David Broder is Not Smarter Than a 5th Grader

by Brien Jackson

If I tried to write about every dumb thing David Broder said, I probably wouldn’t have time to write about anything else. Still, his effort today, another shocking paen to the unending virtue of “bipartisanship,” is particularly onerous, and deserves a few words. Yglesias, Booman, and Krugman have already done a good number on it, so read what them to gauge most of my feelings on this abject nonsense (I especially liked Yglesias’s notation that Broder really has no business being a political journalist in the first place).

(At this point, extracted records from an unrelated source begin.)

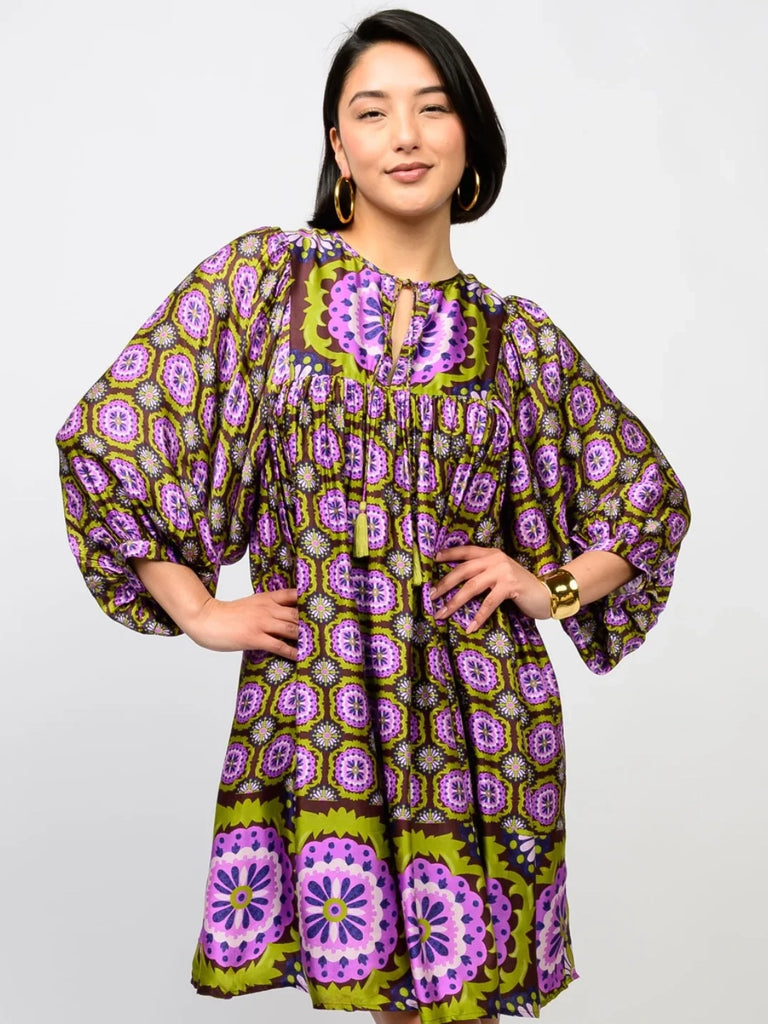 The IVY JANE 73649 Medallion Border Dress showcases a silky medallion design with vibrant patterns, offering a stylish and versatile look. Pair effortlessly with tall boots or wedges for a bold, fashion-forward outfit.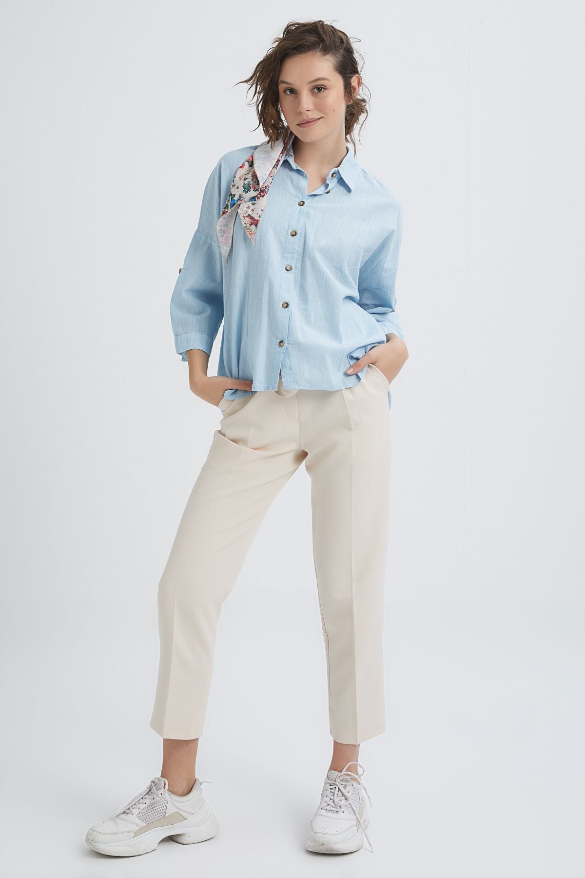Gömlek tarzını çok sevenler için tasarlanan ürün, yumuşak kumaşı sayesinde seni sarmaya hazır. Gömleğini bahar stiline eşlik eden aksesuarlarla daha da canlandırabilirsin.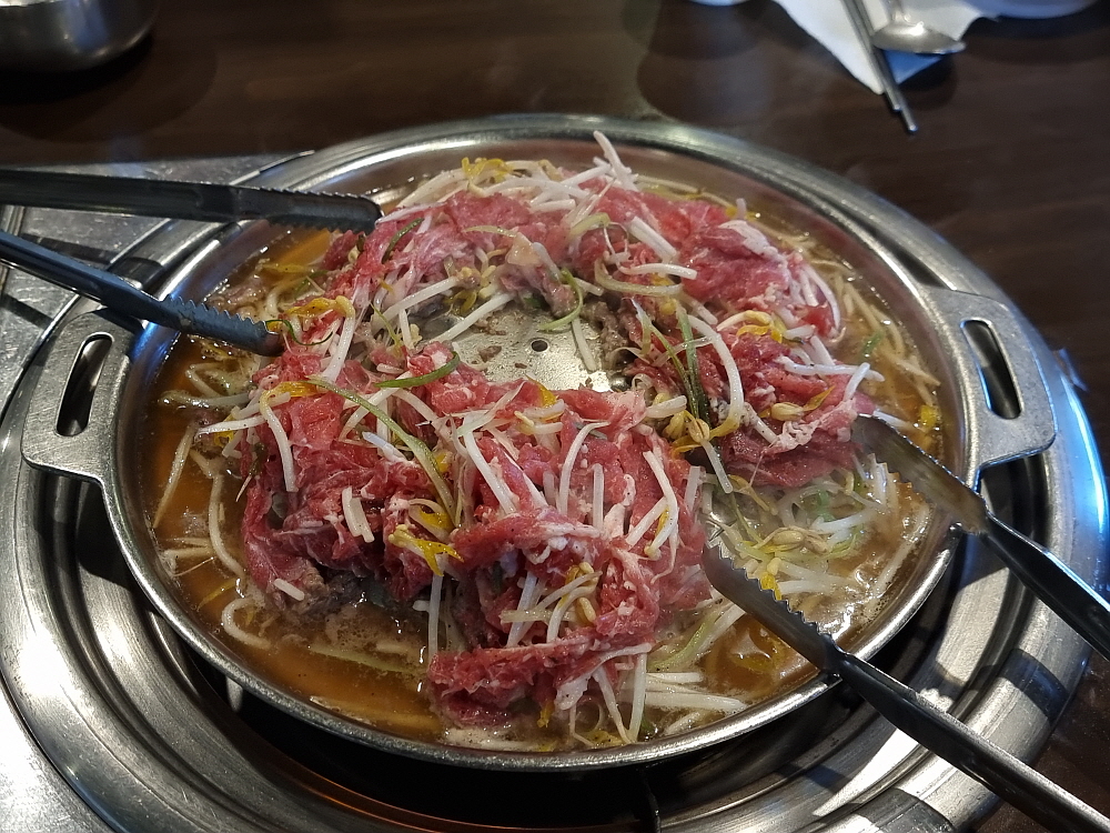 가격도 착한 편이다. 불고기와 돌솥밥이 나오는 정식세트가 15,000원이다. 물론 한우 불고기는 아니지만 그래도 이 정도 가격이라면 가성비가 좋은 편이다. 그냥 백반집에서 먹어도 이 정도 가격은 나올 것이다. 이집 불고기의 특이한 점은 고기와 함께 숙주가 엄청 많이 들어간다는 점이다. 보통은 파나 버섯같은 야채를 넣는 곳이 많은데 여긴 숙주이다. 그리고 다른 집들은 거의 들어가는 당면이 없다. 그냥 고기와 숙주 그리고 약간의 파가 들어가는 것이 전부이다. 이런 조합은 매우 색다른 것이다. 이런 비주얼의 불고기가 있다니...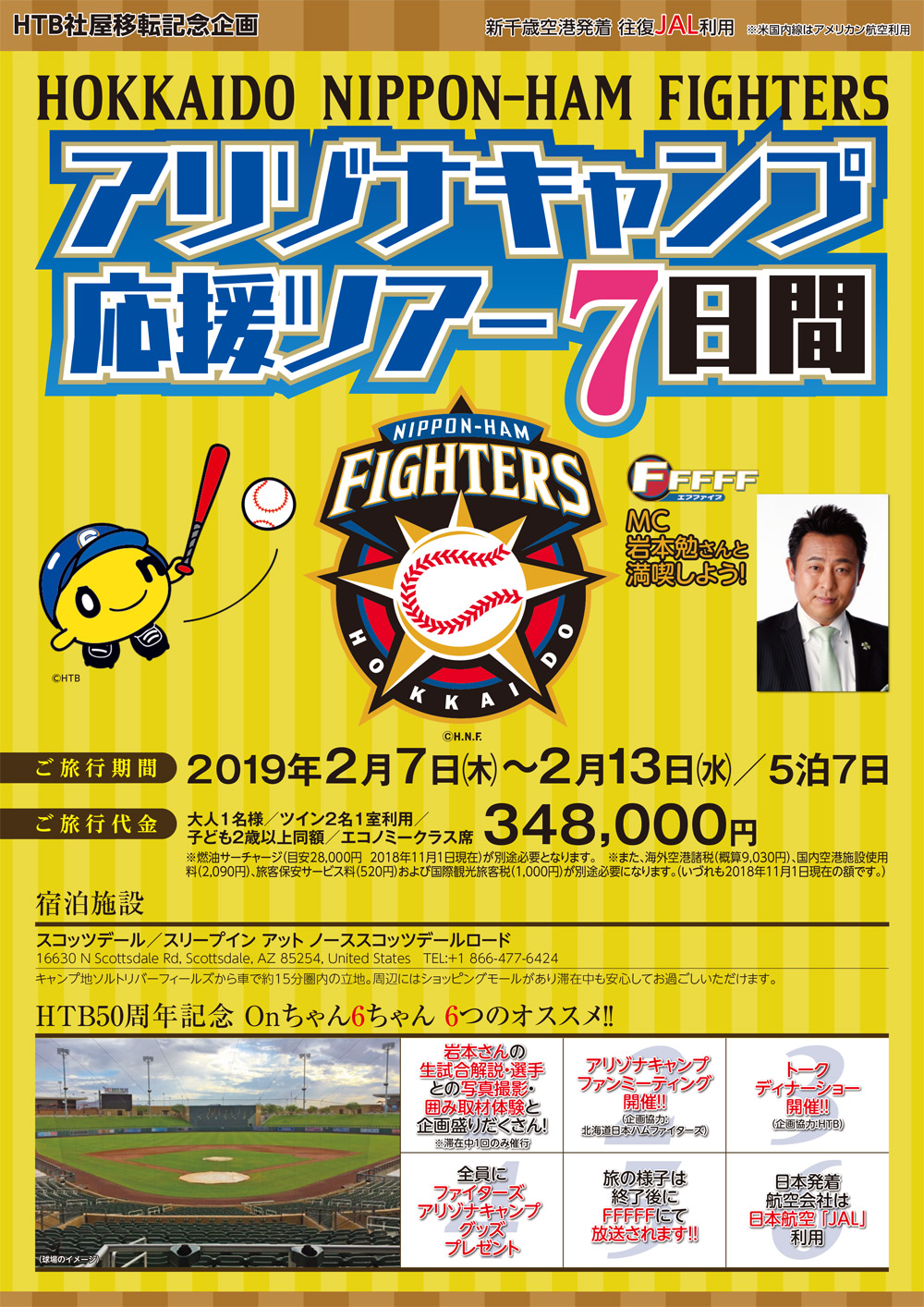 北海道日本ハムファイターズは日本一奪回を目指して、2019年の春季キャンプ前半をアリゾナで実施いたします。つきましては、今回もアリゾナキャンプツアーを実施することが決定いたしましたのでご案内いたします。2019年2月5日(火)出発のANAプレゼンツ「HBCラジオ斉藤こずゑさんと行く!アリゾナキャンプ応援ツアー」と、2月7日(木)出発のJTB北海道「北海道日本ハムファイターズ アリゾナキャンプ応援ツアー7日間 FFFFF MC岩本勉さんと満喫しよう!」の2つのツアーを実施いたします。両ツアーとも特典としてアリゾナファンミーティングにご参加いただけます。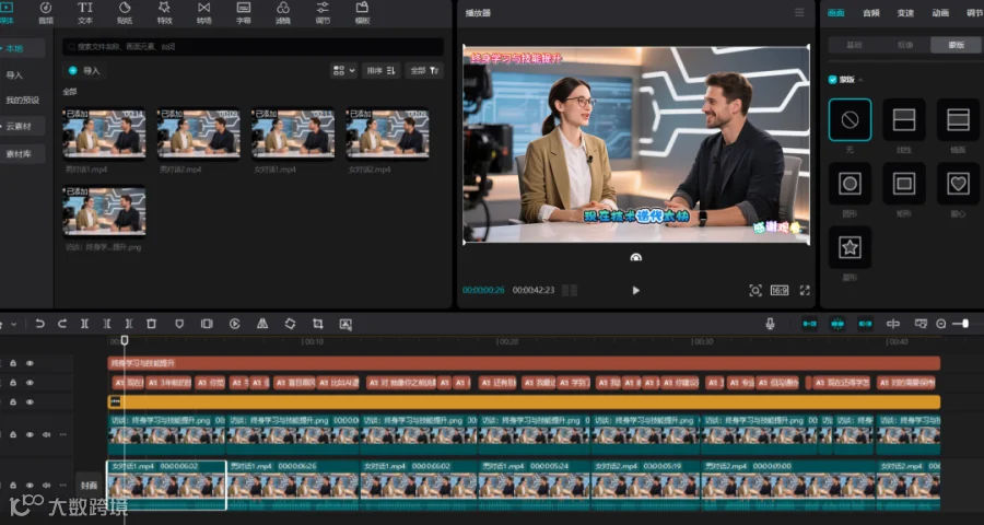 把前面女生对话和男生对话已经设置好的蒙版,复制粘贴到后面可以使用。具体需要看实际效果调整。
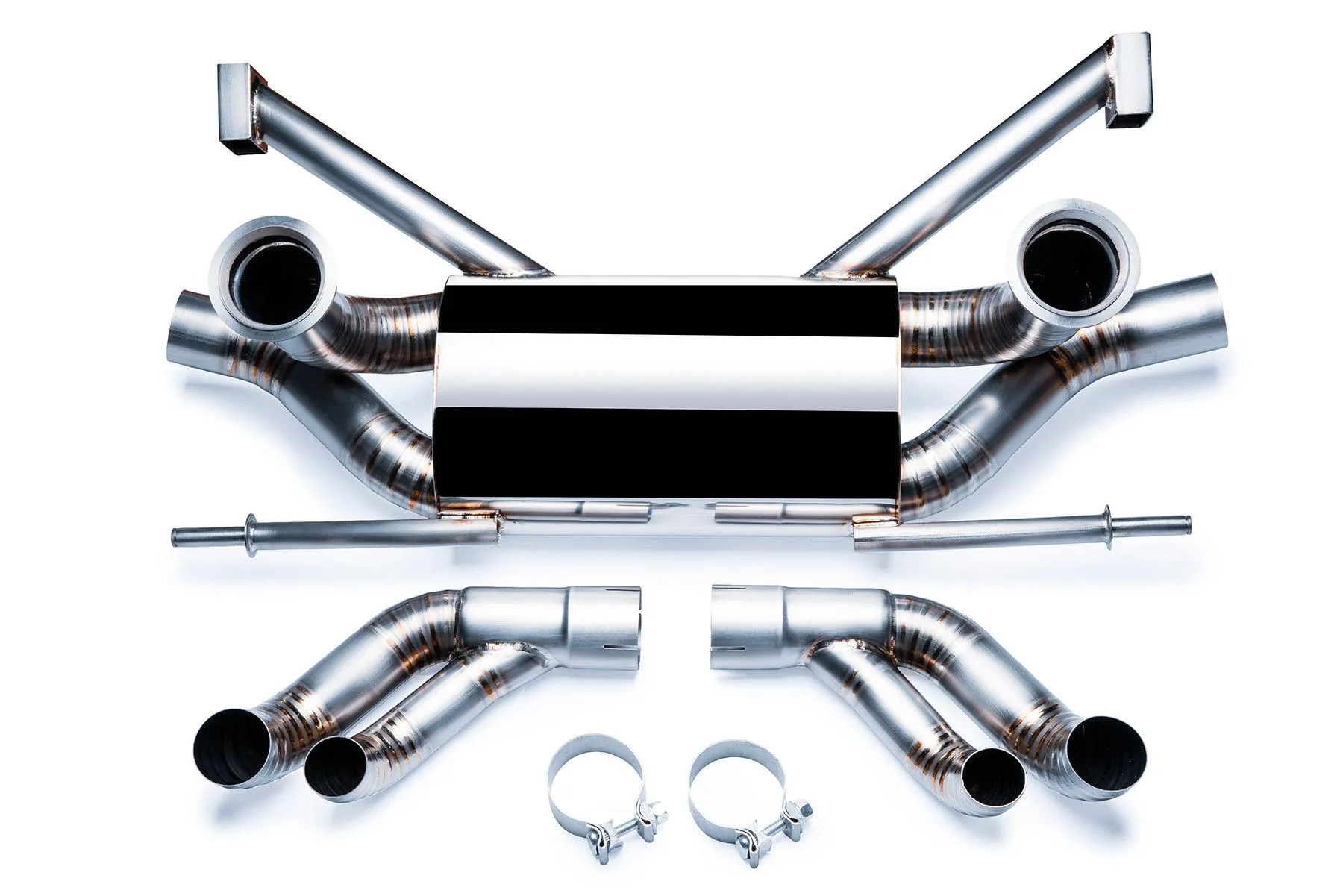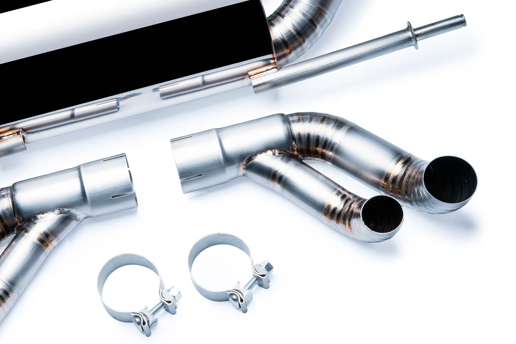 Tytanowy układ wydechowy Audi R8 5.2 V10 09-13 Producent: Vogler Racing Tytanowy wydech Vogler Racing zaprojektowany od podstaw z odpowiednio wyliczonymi średnicami rur oraz idealnie dobranymi rozmiarami tłumików w celu zwiększenia mocy i momentu obrotowego silnika. Wydech zapewnia maksymalną redukcją masy względem układów wydechowych ze stali nierdzewnej, gwarantując przy tym znakomitą wytrzymałość. Dzięki swojej konstrukcji wpływa na obniżenie ciśnienia zwrotnego w układzie wydechowym. Wydechy Vogler Racing znacząco poprawiają również wizualne walory samochodu oraz przede wszystkim jakość emitowanego przez wydech dźwięku. Tytan w porównaniu do stali jest odporny na korozję, bardzo lekki, a przy tym niezwykle wytrzymały. Na skutek kontaktu tytanu z tlenem na jego powierzchni tworzy się pasywacyjna warstwa tlenku tytanu o grubości ok. 2 nm, która dodatkowo zwiększa odporność na korozję. Niska masa, wysoka wytrzymałość w stosunku do gęstości materiału oraz wysoka temperatura topnienia sprawiają, że tytan używany jest do budowy najnowocześniejszych statków powietrznych, w tym myśliwców stealth i promów kosmicznych. Parametry:Waga: 7,12 kg Średnica rury: 2,75" (70mm) Średnica końcówki: 2,5" (63mm) Rodzaj wejścia: V-band 3,5"

I’ll just add that what really jumps out at you the longer Broder tries to keep this schtick going is how embarrassingly thin the premise is. I think it was Yglesias who, a while back, noted that the dynamics of an expanding caucus altered the dynamics of bi-partisanship (you’re getting more votes and the opposition is getting more ideologically extreme), but that this sort of arguing from Broder & Co. never seems to reflect that. You get the same nonsense whether there’s a 54 seat majority with half a dozen moderates in the minority or whether there’s 60 members in the majority and only two moderates in the minority, even though the reality is very, very different. It’s also odd just how little logic is involved in this excercise. Presumably, Broder is a fetishist for bipartisanship because he equates “bipartisan” with “consensus.” But, ultimately, an increasing majority caucus is in and of itself an example of some emerging consensus. After all, when you consider not just that there are 60 Democrats in Congress, but that they represent every region in the state, as well as the fact that the Democratic nominee for President just won 365 electoral votes, including Indiana and North Carolina, that seems like pretty conclusive evidence that there’s broad approval for the Democratic agenda, especially considering how poorly Republicans continue to poll. So there’s really no reason for anyone who’s paying attention to think that a bill garnering 56 Democratic votes and 4 Republican votes must necessarily be better than one getting 60 Democratic votes and nothing else.

But then, given Broder’s own statements, you have to wonder just how much attention he’s paying.